Открытая приязнь в его глазах обезоружила меня.
— Что вы имеете в виду, месье?
— Существует и другой вид связи между людьми, которые испытывают подлинную нежность друг к другу, — мгновенная связь разлученных сердец. — Он дотронулся до своей груди, затем протянул руку и осторожно прижал ее к моим пальцам. — Этот способ не требует ни бумаги, ни перьев, ни слов, ни посланников.
Его интимное прикосновение опьянило меня. Мои мысли путались.
— Что это за волшебный способ, месье? — чуть слышно прошептала я.
Он убрал руку.
— В нем нет ничего удивительного. Вы испытывали это множество раз, но, возможно, неосознанно. Надо только выбрать тихий, уединенный момент, сесть, закрыть глаза и подумать о другом человеке. Он возникнет перед вашим внутренним взором как живой. Вы услышите его голос и сможете поговорить с ним и облегчить свое сердце.
— Подобные безмолвные фантазии не лишены смысла, месье, но их никогда не будет достаточно для облегчения моего сердца.
— В воспоминаниях есть своя прелесть. Порой они даже приукрашают отсутствующих. — Он поднял руку, вытер слезы с моей щеки и погладил, ласково и нежно. — Если между нами протянется море, вот что я сделаю: в конце дня, когда померкнет свет, я завершу все дела, сяду у себя в библиотеке и закрою глаза. Я представлю ваш образ, и вы придете ко мне, даже против вашей воли. Будете стоять передо мной как сейчас. Мы снова встретимся, в мечтах.
Глубокий тембр его голоса словно звенел во мне, кровь стучала в ушах; я лишилась дара речи. Полная луна освещала мое лицо, и месье не был слеп. Несомненно, он как на ладони видел всю глубину чувств, которую я не умела скрыть.
И тогда это случилось: он приподнял мой подбородок, склонился ко мне и нежно поцеловал сначала в одну щеку, потом в другую, по французскому обычаю. Затем я ощутила мягкое прикосновение его губ к моим. Поцелуй был кратким и нежным, и все же насквозь пронизал мое тело, отчего я содрогнулась.

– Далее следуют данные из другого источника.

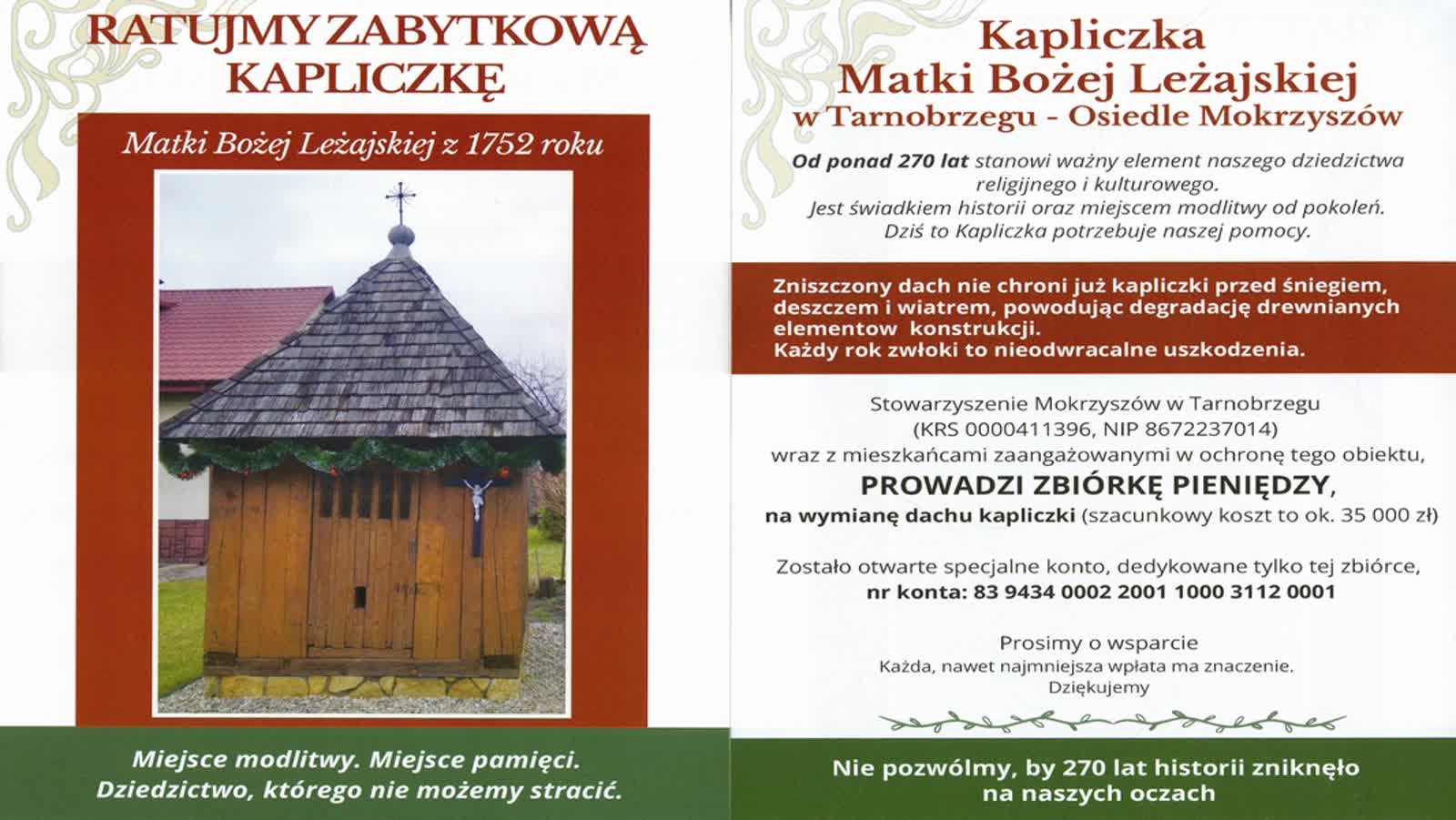 Zabytkowa kapliczka Matki Bożej Leżajskiej na tarnobrzeskim osiedlu Mokrzyszów wymaga pilnej renowacji. Drewniany obiekt z 1752 roku od ponad 270 lat stanowi ważny element lokalnego dziedzictwa religijnego i kulturowego oraz miejsce modlitwy kolejnych pokoleń mieszkańców.

Месье немного отстранился, не отпуская моего подбородка и не сводя с меня глаз, его лицо оставалось в нескольких дюймах от моего. Я вся горела; мне казалось, я сейчас растаю и впитаюсь в землю; я не могла дышать и первая отвела глаза. Тут я заметила слабое, далекое мерцание за стеклянной дверью пансионата. В окне горела свеча. Месье Эгер стоял к зданию спиной и ничего не видел. Неужели кто–то следил за нами? Но кто? По моей спине пробежал внезапный холодок; меня затрясло.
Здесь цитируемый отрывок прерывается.